WHAT THE TASK REQUIRES:
The answer is to be the lines below that lie between the line holding "Костюм состоит из" and the line holding "オーバーサイズで楽チン、プルーオーバースウェットパーカー", inclusive, transcribed exactly and free of pictures.

DATA EXTRACT:

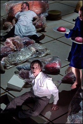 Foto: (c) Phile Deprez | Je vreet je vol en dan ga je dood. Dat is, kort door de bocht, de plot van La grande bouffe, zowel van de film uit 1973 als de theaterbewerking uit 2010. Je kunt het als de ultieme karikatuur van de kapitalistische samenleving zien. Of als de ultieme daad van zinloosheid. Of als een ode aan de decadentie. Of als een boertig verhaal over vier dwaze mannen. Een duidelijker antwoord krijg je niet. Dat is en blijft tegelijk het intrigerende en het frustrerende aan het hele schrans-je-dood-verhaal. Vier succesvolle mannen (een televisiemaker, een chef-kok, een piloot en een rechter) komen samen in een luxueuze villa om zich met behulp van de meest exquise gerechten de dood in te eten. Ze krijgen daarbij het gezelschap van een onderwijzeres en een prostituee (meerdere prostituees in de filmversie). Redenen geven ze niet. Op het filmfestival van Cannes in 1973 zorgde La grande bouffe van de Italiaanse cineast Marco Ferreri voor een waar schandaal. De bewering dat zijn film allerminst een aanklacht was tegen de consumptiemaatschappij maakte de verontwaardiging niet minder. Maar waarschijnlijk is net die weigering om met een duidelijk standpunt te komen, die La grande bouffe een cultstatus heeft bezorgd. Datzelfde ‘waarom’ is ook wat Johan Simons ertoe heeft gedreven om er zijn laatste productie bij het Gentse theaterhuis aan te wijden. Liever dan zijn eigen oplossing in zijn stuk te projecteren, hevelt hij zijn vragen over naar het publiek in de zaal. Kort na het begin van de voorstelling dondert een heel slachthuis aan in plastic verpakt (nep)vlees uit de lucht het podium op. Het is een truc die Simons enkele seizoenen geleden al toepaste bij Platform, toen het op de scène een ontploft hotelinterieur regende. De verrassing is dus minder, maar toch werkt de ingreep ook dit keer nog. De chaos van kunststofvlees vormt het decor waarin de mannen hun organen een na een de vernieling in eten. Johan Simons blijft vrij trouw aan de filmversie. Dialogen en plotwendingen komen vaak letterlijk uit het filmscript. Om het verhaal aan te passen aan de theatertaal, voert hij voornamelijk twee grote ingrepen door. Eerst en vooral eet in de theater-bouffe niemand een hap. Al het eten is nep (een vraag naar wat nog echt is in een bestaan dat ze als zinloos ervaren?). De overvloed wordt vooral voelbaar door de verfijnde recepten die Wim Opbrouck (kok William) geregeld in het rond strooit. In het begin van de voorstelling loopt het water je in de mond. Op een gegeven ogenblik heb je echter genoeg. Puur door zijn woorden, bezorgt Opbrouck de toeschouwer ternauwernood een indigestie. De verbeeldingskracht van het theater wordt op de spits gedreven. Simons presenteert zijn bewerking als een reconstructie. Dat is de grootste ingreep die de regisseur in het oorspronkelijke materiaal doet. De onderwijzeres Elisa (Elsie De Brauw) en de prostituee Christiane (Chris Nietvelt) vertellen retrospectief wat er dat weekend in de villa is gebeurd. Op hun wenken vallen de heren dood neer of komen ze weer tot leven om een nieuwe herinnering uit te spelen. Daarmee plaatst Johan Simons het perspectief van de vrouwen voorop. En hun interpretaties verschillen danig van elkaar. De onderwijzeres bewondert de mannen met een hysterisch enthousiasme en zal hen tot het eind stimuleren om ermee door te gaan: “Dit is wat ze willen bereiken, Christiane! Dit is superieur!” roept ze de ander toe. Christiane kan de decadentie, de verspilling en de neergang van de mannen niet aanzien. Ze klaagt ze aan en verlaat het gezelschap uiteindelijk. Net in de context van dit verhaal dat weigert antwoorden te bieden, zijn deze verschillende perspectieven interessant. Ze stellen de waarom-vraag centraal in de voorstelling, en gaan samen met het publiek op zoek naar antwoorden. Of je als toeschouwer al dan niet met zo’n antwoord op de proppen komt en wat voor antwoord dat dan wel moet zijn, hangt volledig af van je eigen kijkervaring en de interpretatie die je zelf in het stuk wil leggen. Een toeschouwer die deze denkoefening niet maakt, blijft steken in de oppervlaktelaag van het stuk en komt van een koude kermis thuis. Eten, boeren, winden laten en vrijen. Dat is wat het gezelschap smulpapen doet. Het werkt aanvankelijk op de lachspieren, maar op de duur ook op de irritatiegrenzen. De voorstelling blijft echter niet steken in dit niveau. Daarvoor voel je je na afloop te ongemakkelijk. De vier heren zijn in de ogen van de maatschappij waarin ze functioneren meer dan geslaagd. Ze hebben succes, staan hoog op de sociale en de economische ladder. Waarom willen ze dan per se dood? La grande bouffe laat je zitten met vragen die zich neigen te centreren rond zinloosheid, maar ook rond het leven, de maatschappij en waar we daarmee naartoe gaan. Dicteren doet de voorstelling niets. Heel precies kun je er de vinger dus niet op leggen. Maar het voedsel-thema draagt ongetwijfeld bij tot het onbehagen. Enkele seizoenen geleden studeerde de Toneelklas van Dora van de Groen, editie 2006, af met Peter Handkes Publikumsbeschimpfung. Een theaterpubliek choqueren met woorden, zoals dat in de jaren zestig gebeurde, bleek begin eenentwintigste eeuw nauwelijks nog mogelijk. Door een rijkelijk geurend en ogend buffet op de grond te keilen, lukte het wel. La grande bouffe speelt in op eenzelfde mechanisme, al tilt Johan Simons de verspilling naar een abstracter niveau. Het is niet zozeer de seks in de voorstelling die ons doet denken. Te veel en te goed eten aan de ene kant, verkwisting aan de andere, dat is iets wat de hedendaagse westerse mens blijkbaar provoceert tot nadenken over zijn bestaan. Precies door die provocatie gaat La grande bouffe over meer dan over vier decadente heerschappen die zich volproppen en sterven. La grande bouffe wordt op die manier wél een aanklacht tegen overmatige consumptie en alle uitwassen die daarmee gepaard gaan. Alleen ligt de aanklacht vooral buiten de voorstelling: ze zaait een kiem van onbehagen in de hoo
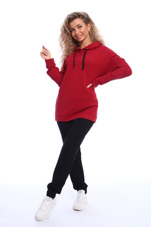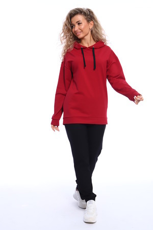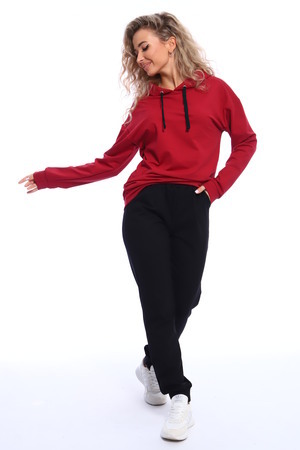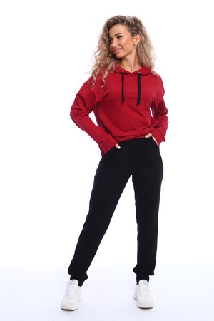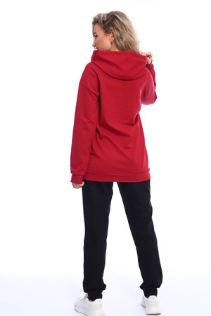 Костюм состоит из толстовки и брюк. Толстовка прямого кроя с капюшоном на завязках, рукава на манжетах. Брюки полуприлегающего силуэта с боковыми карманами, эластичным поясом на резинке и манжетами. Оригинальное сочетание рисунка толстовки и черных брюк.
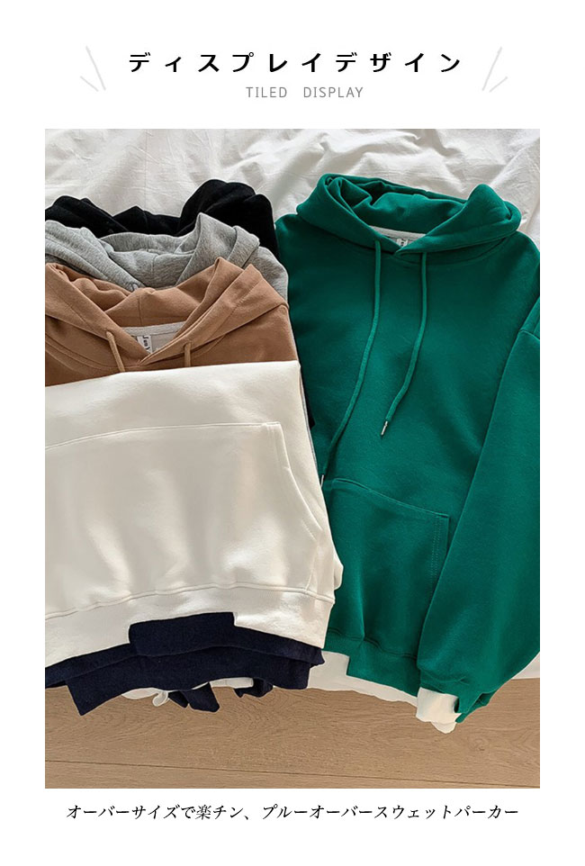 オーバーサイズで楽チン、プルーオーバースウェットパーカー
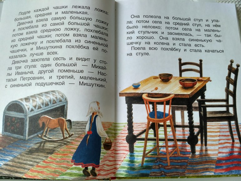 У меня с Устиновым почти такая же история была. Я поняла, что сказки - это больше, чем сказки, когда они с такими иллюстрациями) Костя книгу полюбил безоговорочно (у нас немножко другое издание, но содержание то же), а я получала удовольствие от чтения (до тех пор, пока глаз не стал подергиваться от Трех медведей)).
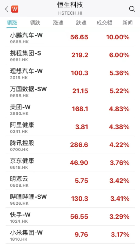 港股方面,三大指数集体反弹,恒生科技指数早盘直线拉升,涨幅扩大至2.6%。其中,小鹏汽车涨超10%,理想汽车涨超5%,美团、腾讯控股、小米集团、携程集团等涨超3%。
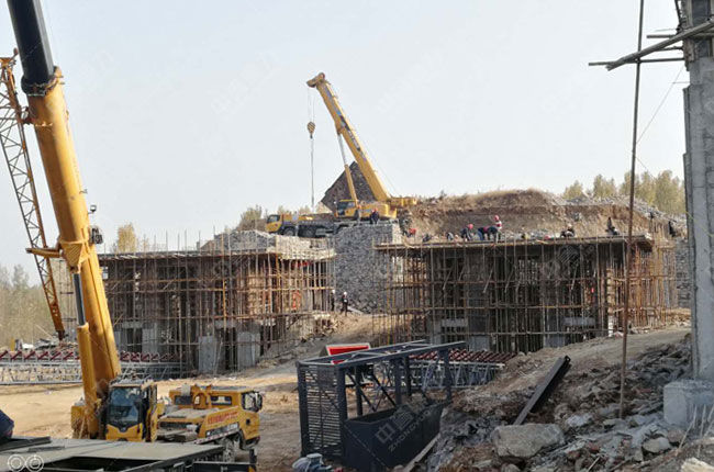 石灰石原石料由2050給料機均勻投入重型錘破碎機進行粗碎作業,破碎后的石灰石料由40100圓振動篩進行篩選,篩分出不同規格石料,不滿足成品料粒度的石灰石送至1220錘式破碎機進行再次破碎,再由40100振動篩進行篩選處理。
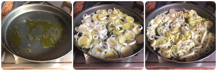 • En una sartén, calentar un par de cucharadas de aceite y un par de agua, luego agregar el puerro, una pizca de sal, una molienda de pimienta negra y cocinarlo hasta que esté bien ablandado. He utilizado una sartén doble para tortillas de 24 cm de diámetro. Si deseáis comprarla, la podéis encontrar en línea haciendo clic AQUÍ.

WRITTEN RESPONSE:
 Костюм состоит из толстовки и брюк. Толстовка прямого кроя с капюшоном на завязках, рукава на манжетах. Брюки полуприлегающего силуэта с боковыми карманами, эластичным поясом на резинке и манжетами. Оригинальное сочетание рисунка толстовки и черных брюк.
 オーバーサイズで楽チン、プルーオーバースウェットパーカー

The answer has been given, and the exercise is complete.